## Goal of the exercise
Exact transcription, pictures omitted: reproduce the listing below.

Start of Block

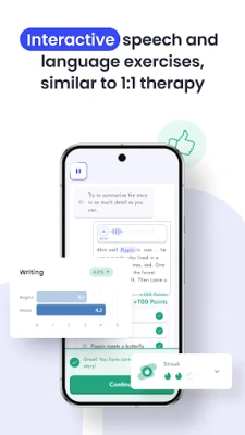 • Aphasia and Dysarthria Support: Cutting-edge speech analysis and state-of-the-art language exercises assist you in practicing your speech and language skills.
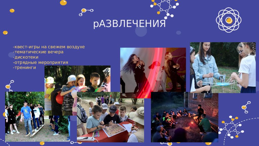 -квест-игры на свежем воздухе -тематические вечера -дискотеки -отрядные мероприятия -тренинги
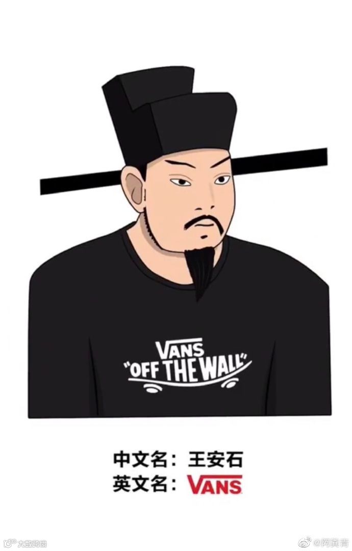 今日,微博话题 #如果王安石有英文名# 火了,博主 @阿粪青 将王安石的英文名与美国滑板品牌VANS联想到了一起,令人忍俊不禁。同时,这也让网易新闻东莞运营中心的小编们脑洞大开。
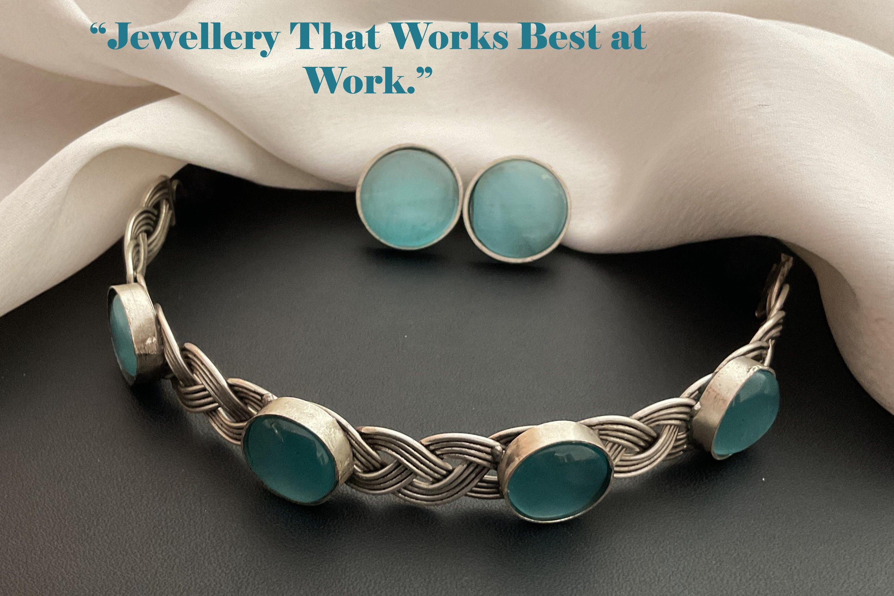 Zoraida silver plated hand carved brass neck hasuli necklace with earrings
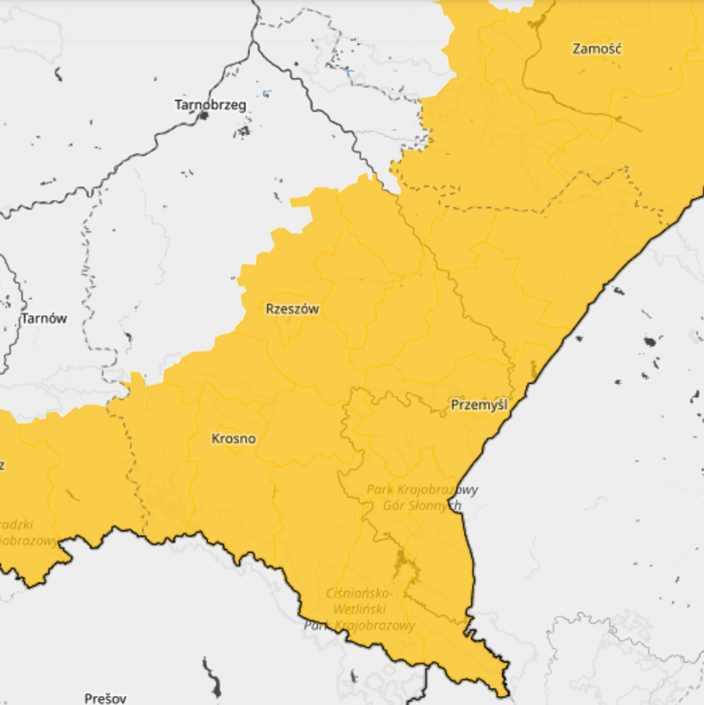 Póki co najbardziej zagrożone burzową aurą są miasta Krosno, Przemyśl i Rzeszów, a także powiaty: bieszczadzki, brzozowski, jarosławski, jasielski, krośnieński, leski, leżajski, łańcucki, przemyski, przeworski, rzeszowski, sanocki i strzyżowski.
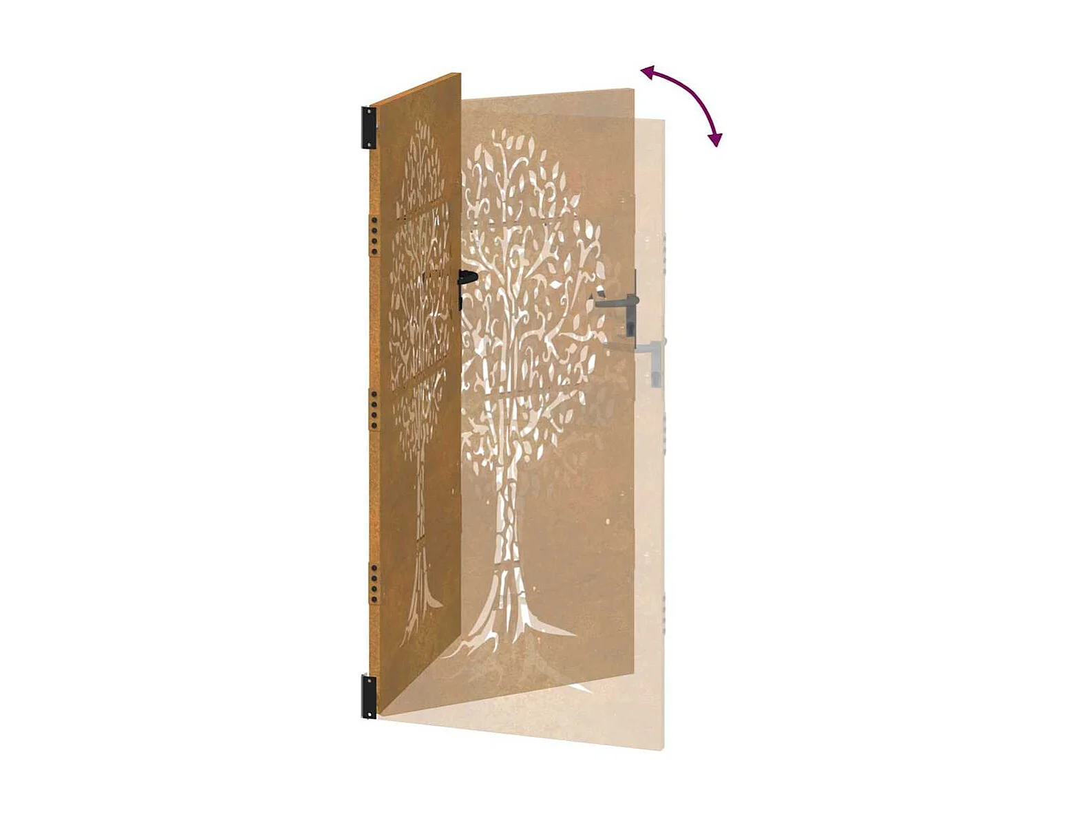 Cancello da giardino 85x200 cm in acciaio corten design albero
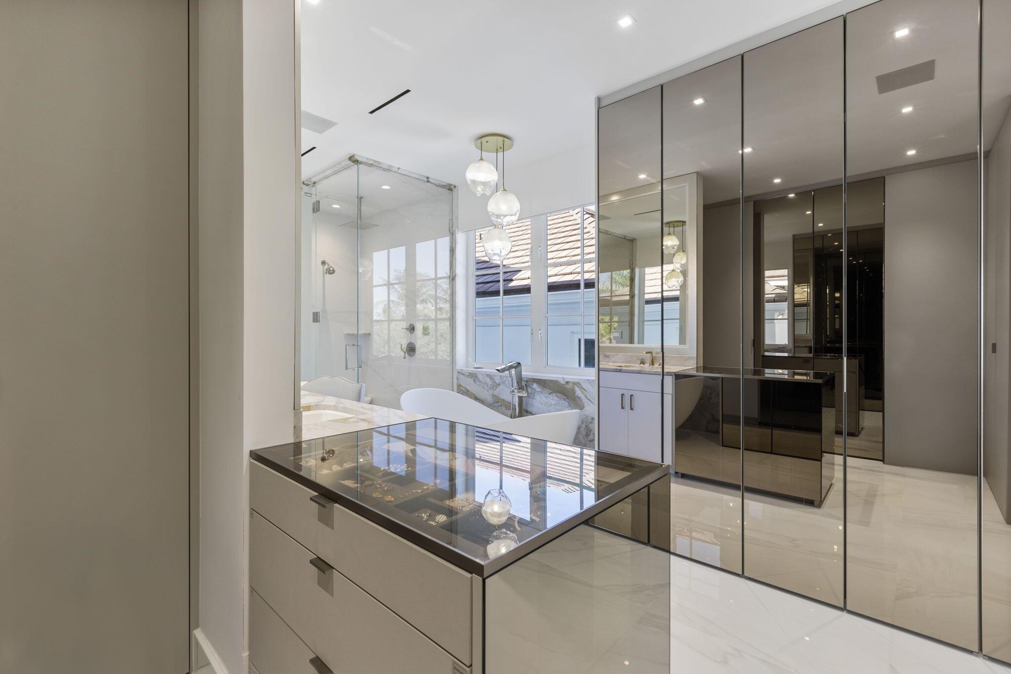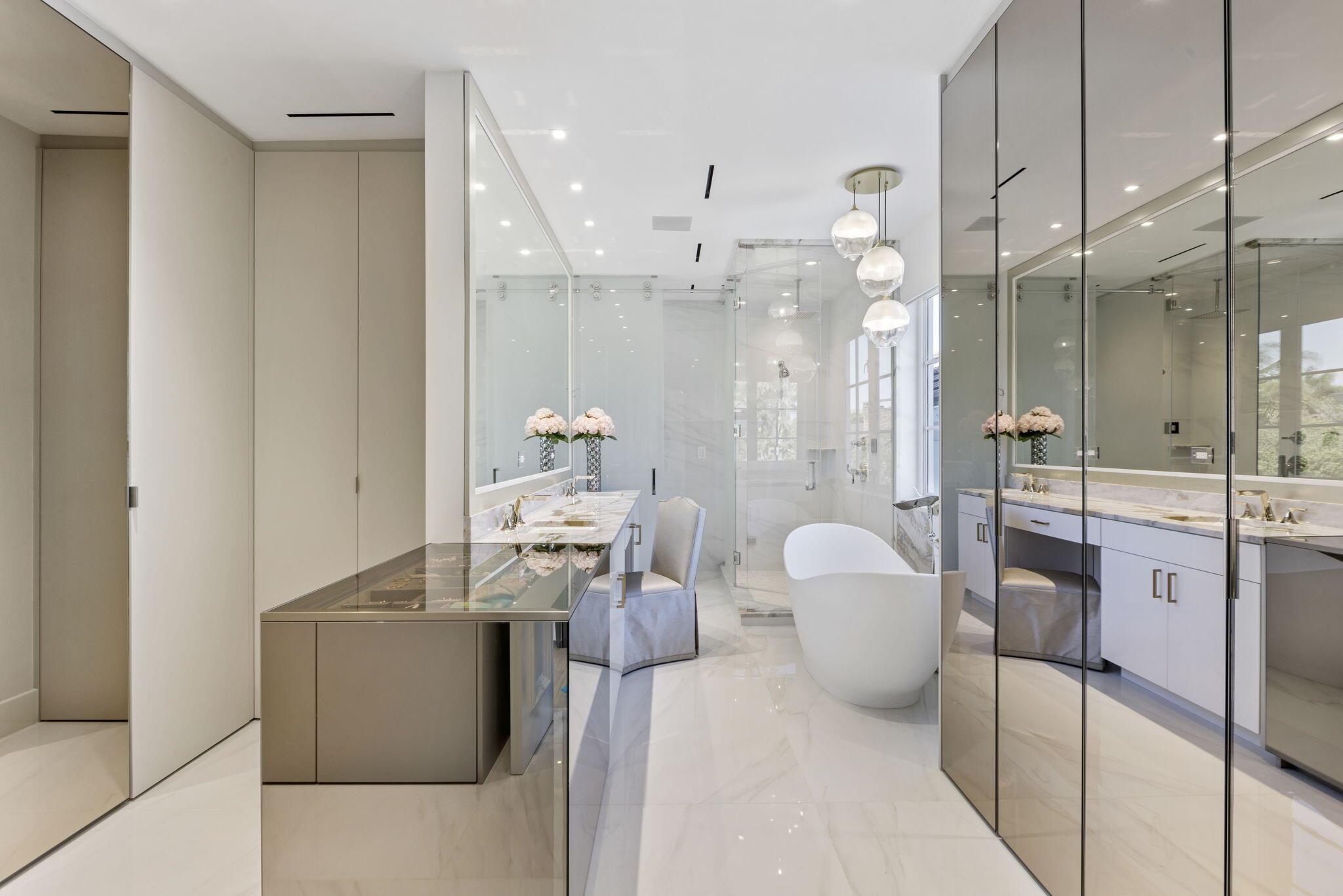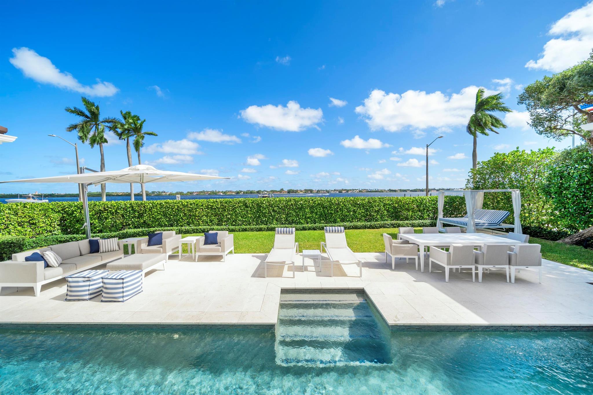 IMPRESSIVE 100-FT WATERFRONT ESTATE INCLUDING ITS OWN PRIVATE DOCK & BOAT LIFT. Newly renovated with every luxury for the discerning buyer, this 5-bed home offers breathtaking views of Billionaires Row, widest part of the Intracoastal Waterway, from all main rooms. Featuring 11-ft ceilings, 6,000 total square feet of meticulously redesigned living space, elevator, and a desirable semi-attached guest house. The very impressive waterfront bar/lounge features LED backlit crystalline quartzite a stunning brass sink, ice maker, and custom cabinetry, all inspired by the Bulgari Hotel in Paris. A sprawling primary suite complete with oversized dual dressing rooms with Italkraft closets and custom cabinetry. This home has an abundance of natural light, high-end finishes, and every...
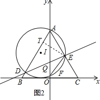 (3)①由相似三角形的性质得到$\frac{AD}{AQ}=\frac{AF}{AE}$,根据线段的和差得到AD•AE=(AQ+QF)•AQ,化简即可得到结论;②如图2,过点E作ET⊥AB于T,解直角三角形得到E=AE•sin60°=$\frac{\sqrt{3}}{2}$b,求得S△ADE=$\frac{\sqrt{3}}{4}$ab,当α=90°时,此时DE∥x轴,S△ADE最小,根据相似三角形的性质得到$\frac{DE}{BC}=\frac{AQ}{AO}=\frac{2}{3}$,得到$\frac{{{S_{△ADE}}}}{{3\sqrt{3}}}=\frac{4}{9}$${S_{△ADE}}=\frac{4}{9}×3\sqrt{3}=\frac{{4\sqrt{3}}}{3}$,当α=120°时,此时DE经过点C,即点E和点C重合,S△ADE最大,根据三角形的面积得到$\frac{16}{3}≤ab≤6$,代入化简即可得到结论.
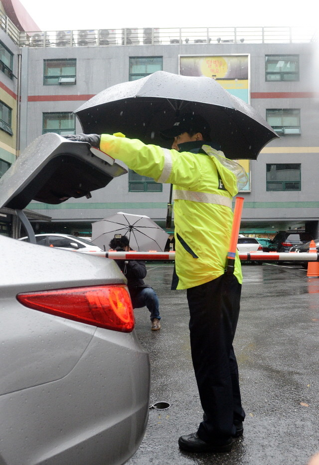 18일 오후 민주노총 한상균 위원장이 피신한 곳으로 알려진 서울 종로구 조계사 관음전 앞에서 경찰들이 검문을 하고 있다.

End of Block

## Written answer
 • Aphasia and Dysarthria Support: Cutting-edge speech analysis and state-of-the-art language exercises assist you in practicing your speech and language skills.
 -квест-игры на свежем воздухе -тематические вечера -дискотеки -отрядные мероприятия -тренинги
 今日,微博话题 #如果王安石有英文名# 火了,博主 @阿粪青 将王安石的英文名与美国滑板品牌VANS联想到了一起,令人忍俊不禁。同时,这也让网易新闻东莞运营中心的小编们脑洞大开。
 Zoraida silver plated hand carved brass neck hasuli necklace with earrings
 Póki co najbardziej zagrożone burzową aurą są miasta Krosno, Przemyśl i Rzeszów, a także powiaty: bieszczadzki, brzozowski, jarosławski, jasielski, krośnieński, leski, leżajski, łańcucki, przemyski, przeworski, rzeszowski, sanocki i strzyżowski.
 Cancello da giardino 85x200 cm in acciaio corten design albero
 IMPRESSIVE 100-FT WATERFRONT ESTATE INCLUDING ITS OWN PRIVATE DOCK & BOAT LIFT. Newly renovated with every luxury for the discerning buyer, this 5-bed home offers breathtaking views of Billionaires Row, widest part of the Intracoastal Waterway, from all main rooms. Featuring 11-ft ceilings, 6,000 total square feet of meticulously redesigned living space, elevator, and a desirable semi-attached guest house. The very impressive waterfront bar/lounge features LED backlit crystalline quartzite a stunning brass sink, ice maker, and custom cabinetry, all inspired by the Bulgari Hotel in Paris. A sprawling primary suite complete with oversized dual dressing rooms with Italkraft closets and custom cabinetry. This home has an abundance of natural light, high-end finishes, and every...
 (3)①由相似三角形的性质得到$\frac{AD}{AQ}=\frac{AF}{AE}$,根据线段的和差得到AD•AE=(AQ+QF)•AQ,化简即可得到结论;②如图2,过点E作ET⊥AB于T,解直角三角形得到E=AE•sin60°=$\frac{\sqrt{3}}{2}$b,求得S△ADE=$\frac{\sqrt{3}}{4}$ab,当α=90°时,此时DE∥x轴,S△ADE最小,根据相似三角形的性质得到$\frac{DE}{BC}=\frac{AQ}{AO}=\frac{2}{3}$,得到$\frac{{{S_{△ADE}}}}{{3\sqrt{3}}}=\frac{4}{9}$${S_{△ADE}}=\frac{4}{9}×3\sqrt{3}=\frac{{4\sqrt{3}}}{3}$,当α=120°时,此时DE经过点C,即点E和点C重合,S△ADE最大,根据三角形的面积得到$\frac{16}{3}≤ab≤6$,代入化简即可得到结论.
 18일 오후 민주노총 한상균 위원장이 피신한 곳으로 알려진 서울 종로구 조계사 관음전 앞에서 경찰들이 검문을 하고 있다.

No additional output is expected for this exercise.